It was a day few thought would ever come to pass. Even after Pactiv Evergreen announced it would close its 115-year-old paper mill in Canton, some still held out hope that something could be done to save the mill, its jobs and the comfortable middle-class way of life it provided its workers. On June 8, the last of them left the mill for the final time.
“This is gone forever,” said Justin Medford, choking back tears. “I mean, it'll be a park, it'll be a bicycle track or be some crap that don't matter.”
Earlier that morning, Medford was sitting on his porch with his wife Karen, sipping a cup of coffee. The steam had stopped rising from the mill’s twin smokestacks nearly two weeks earlier, no longer visible from the Medfords’ Stamey Cove home. As Justin prepared to leave for work, his wife said the burly, blue-collar millworker broke down and cried like a baby.
Medford finished his final shift and walked out of “the chute” — a long, covered brick tunnel leading to the parking lot — around 2:30 p.m. that day. Passing between two fire department ladder trucks suspending a giant American flag softly swaying in the summer wind, Medford was among the first of the last.
He now steps into an uncertain world; after 25 years working for the company at the Waynesville plant, he left for two years but returned to work at the Canton mill for the last five. The company’s severance policy gives one week’s pay for each consecutive year of service, so in five weeks, he’ll be on his own.
“I'm apprehensive, 57 years old and starting over again,” he said. “I'm keeping my head up.

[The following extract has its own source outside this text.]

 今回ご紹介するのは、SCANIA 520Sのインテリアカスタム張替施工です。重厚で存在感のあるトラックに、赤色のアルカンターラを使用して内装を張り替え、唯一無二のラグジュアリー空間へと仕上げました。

I still believe in this country, and I still believe that there's a place for people like me.”
Perhaps as much as the money, he’ll miss his friends.
“The only time that I have seen camaraderie like this is when I spent four years in the Navy,” he said. “This is the closest that I've seen, the last five years that I've spent working at the Canton mill.”
He’s not the only one.
“My foremen and my co-workers, they’re the best that I've ever had,” said Dean Gibson, a member of L shift who was supposed to start work at 5 p.m. that day and work overnight until about 4 a.m.

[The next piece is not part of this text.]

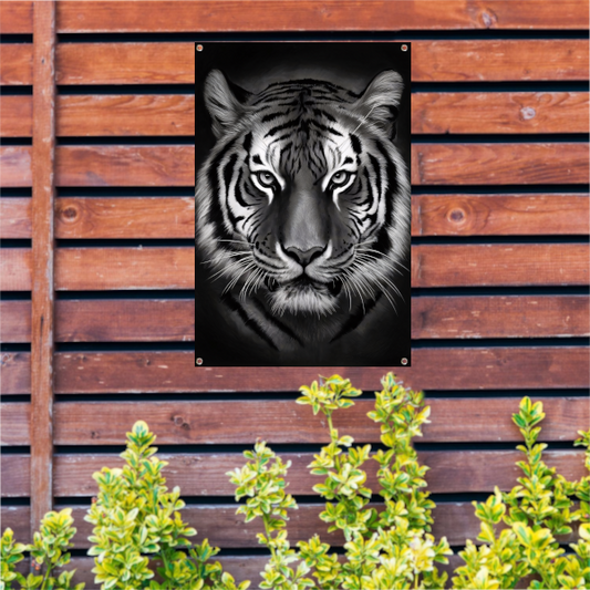 Monochroom Portret van een Majestueuze Tijger tuinposter

Management let L shift go home after only an hour, with a full day’s pay. Gibson said all he and his comrades had done for the past few weeks was walk around the cavernous mill, anyway.
“I love them,” he said. “I'm gonna miss them. Everyone got along. We had good times when it was time to laugh and we cried when it was time to cry. We were a family and having that broken up, that's what makes it so devastating.”

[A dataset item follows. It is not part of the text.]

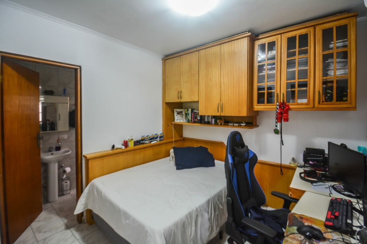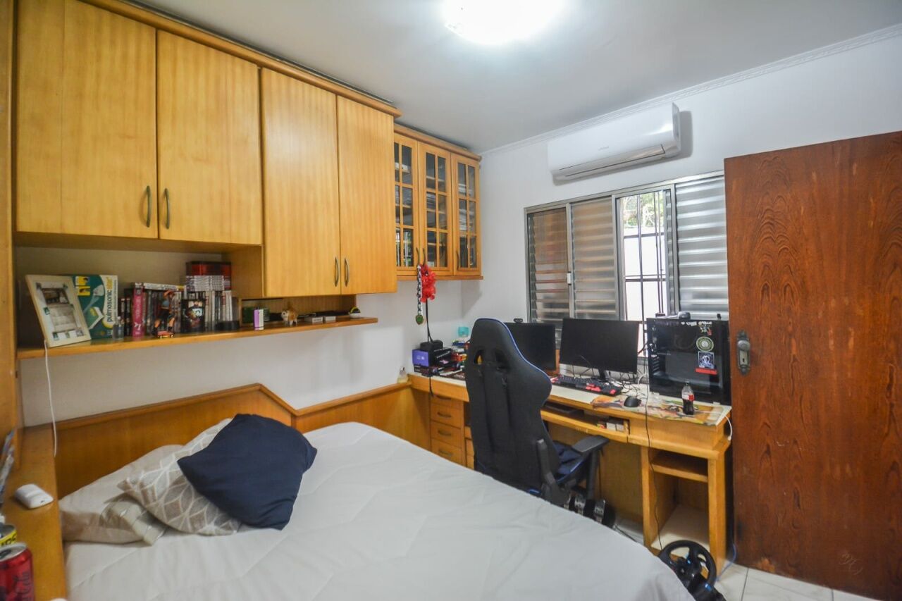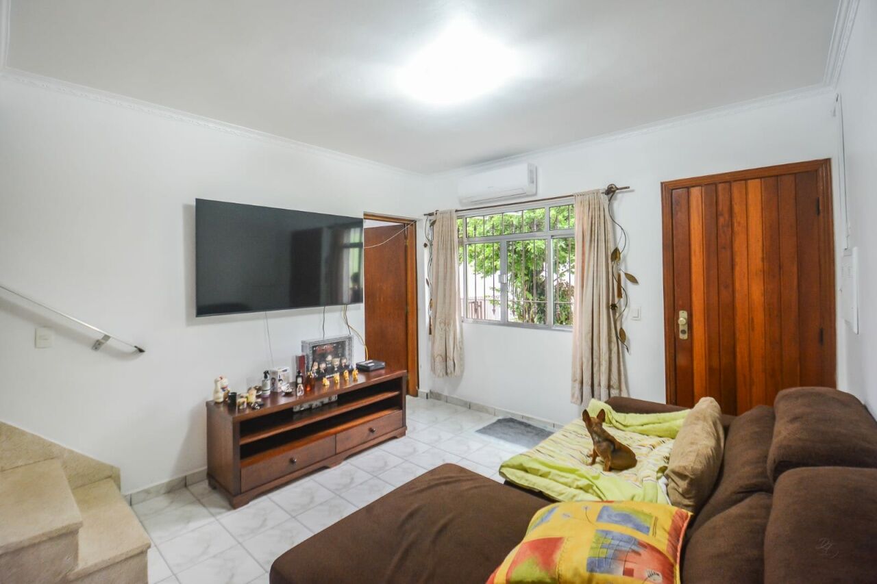 Sobrado a venda com 3 dormitórios, sendo 1 suíte com ar condicionado, sala espaçosa com ar condicionado, cozinha, quintal com churrasqueira, jardim, 2 vagas de garagem.

Like Medford, Gibson now faces an uncertain world, made all the more so by his checkered past.
Gibson worked at the mill for a few years in the 1990s until his arrest and conviction for drug trafficking. After being locked up for 17 years, Gibson saw his life sentence overturned, and he was released. The mill took him back nearly two years ago.
“They sure did,” Gibson said. “And I'm very thankful for that.”
The mill has been an important part of Gibson’s redemption arc.
“When I came out, when I got to the halfway house, I could have took 30 days and laid down and waited to ease my way back into society, you know, taking a transition period,” he said. “But I went to work within 72 hours getting out of prison and I've been working ever since.”
For a convicted felon, jobs aren’t always easy to find, but Gibson said he’s been looking for a new one since the announcement was made, and understands that when he finds it, it will likely be outside of Haywood County.
He’ll only receive one week of severance pay and hopes the gas he’ll need to drive to that new job doesn’t take too much of a bite out of his paychecks.
As for the future of Canton itself, Gibson hopes the town and the county can attract more of the good-paying union jobs that provided an average income nearly triple the county’s median.
“We have to get out there and make ourselves known,” he said. “Haywood County has a lot of good, hard workers, and our town officials should be out here courting some of these companies that's looking to build somewhere and let them know what type of people we have here. This place has always been rich with good, hard workers. And it's been proven, I mean, this mill wouldn’t have stood 115 years if the workers weren't dedicated.”
Ray Queen is one of them. Queen worked at the mill for about two years until a layoff in 1961 sidelined him for a time, but once he came back, he went on to work there for more than 57 years.
He described the mood in the mill as lonesome, and perhaps had already started to miss the place before he’d even left it.
“A lot of people is excited to be getting out, but then they're still sad that they’re leaving, leaving all their friends down here,” he said.
Queen faces a much more certain world than Medford and Gibson. At 82 years old, Queen finished his last shift about four hours before Gibson was scheduled to start his. Spry and jovial, Queen joked about how he’d spend his time.
“It’s gonna be rough,” he laughed. “I mean, I'll have to get up and go fishing, have to get up and take the old dog out and let him ride in the truck. It’s gonna be terrible.”